Kedgeree Recipe


Kedgeree Recipe

This winter, rug up with a delicious bowl of comfort food - sure to warm you from the inside out!

Delicious winter warmer recipe ideas from Australian Eggs - from fast and simple comfort meals to slow and steady recipes that the whole family can get involved with! Recipes include a delicious Salmon and Rice Egg Pie, Mac and Cheese, Twice Baked Cheese Souffles (perfect for a Sunday brunch!), Kedgeree, Egg and Lentil Dahl.

Kedgeree

Prep Time: 10 mins
Cook Time: 20 mins
Serves: 4

Ingredients
• 4 eggs
• 2 tbsp olive oil
• 1 large onion, finely chopped
• 2 cloves garlic, crushed
• 3 tsp mild curry powder
• 1 ½ cups (250g) basmati rice
• 650ml chicken stock
• Salt and pepper
• 1 cup (120g) frozen peas
• 150g hot smoked salmon, skin removed, flaked
• Chopped fresh parsley, to garnish
• Greek yoghurt and lemon wedges, to serve

Method
1. Place eggs in a saucepan and cover with water. Bring to a gentle boil and cook for 5 minutes (medium boiled eggs), or until cooked to your liking. Drain and immerse in cold water. Peel and slice eggs in half.
2. Meanwhile, heat oil in a large, non-stick frying pan over a medium heat. Add onion and garlic.
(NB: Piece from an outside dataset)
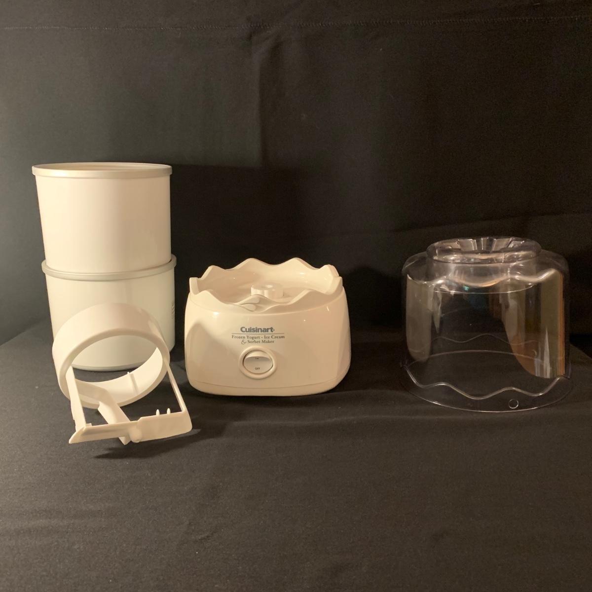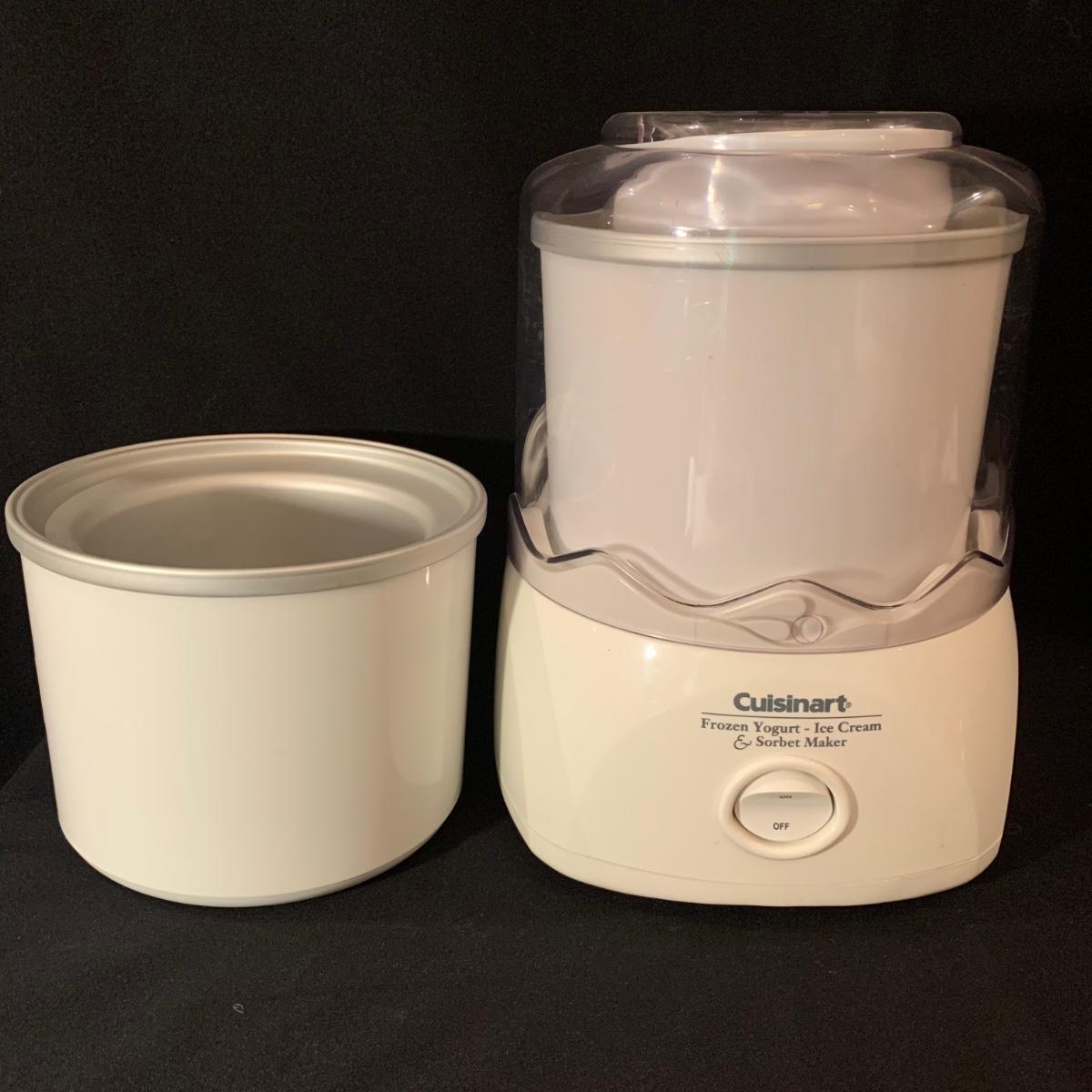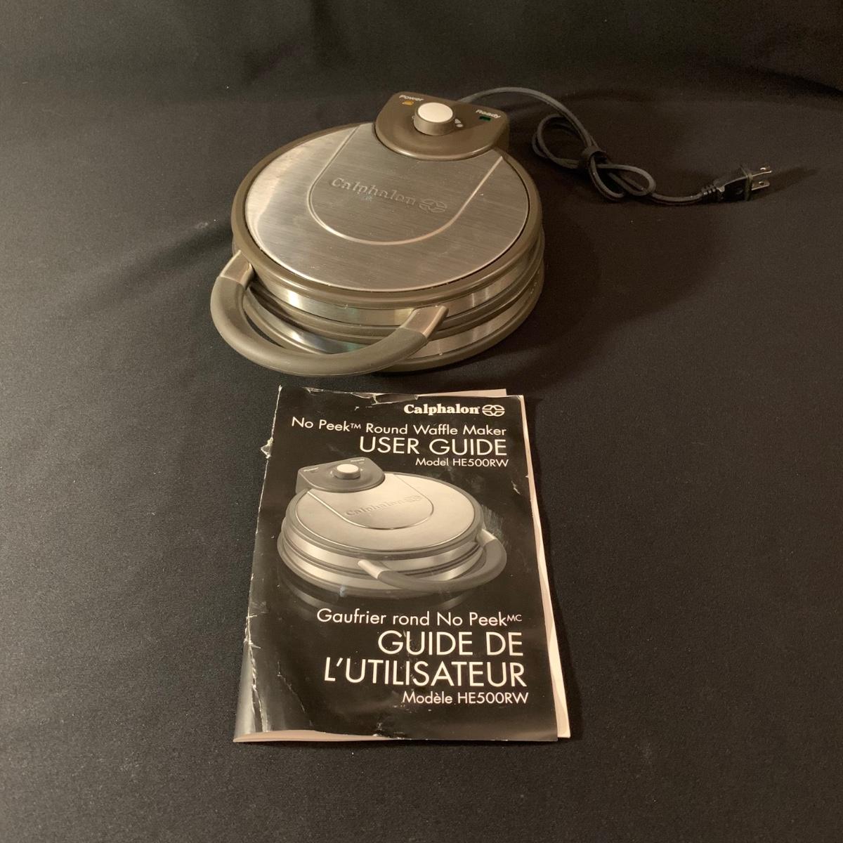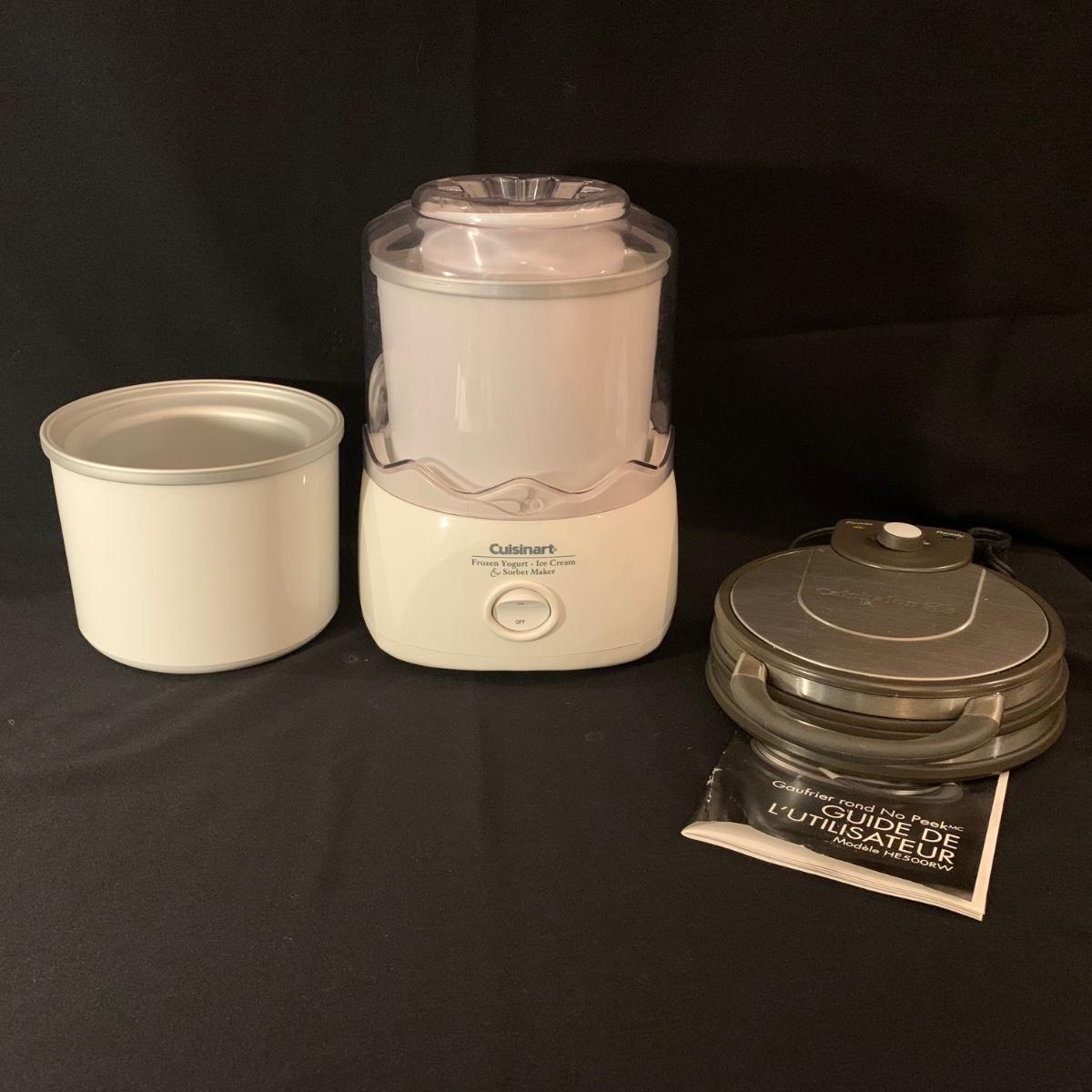 Lot includes Cuisinart Frozen Dessert maker and Calphalon Electric Waffle Iron. Cusinart makes Frozen Yogurt, Ice Cream, and Sorbet. It measures, 8” x 8” x 12”H. Both items power on and are in used condition. Please see photos for more details.

Cook, stirring for 3 minutes, or until soft. Add curry powder. Cook, stirring for 1 minute, or until fragrant. Stir in rice.
3. Add stock to pan and stir to combine. Simmer gently covered, for 10 minutes. Remove lid. Stir in peas. Cover and cook for a further 3 to 5 minutes, or until rice is tender and peas are cooked. Remove from the heat. Scatter over flaked salmon.
4. Top with eggs. Garnish with chopped parsley. Serve with yoghurt and lemon wedges.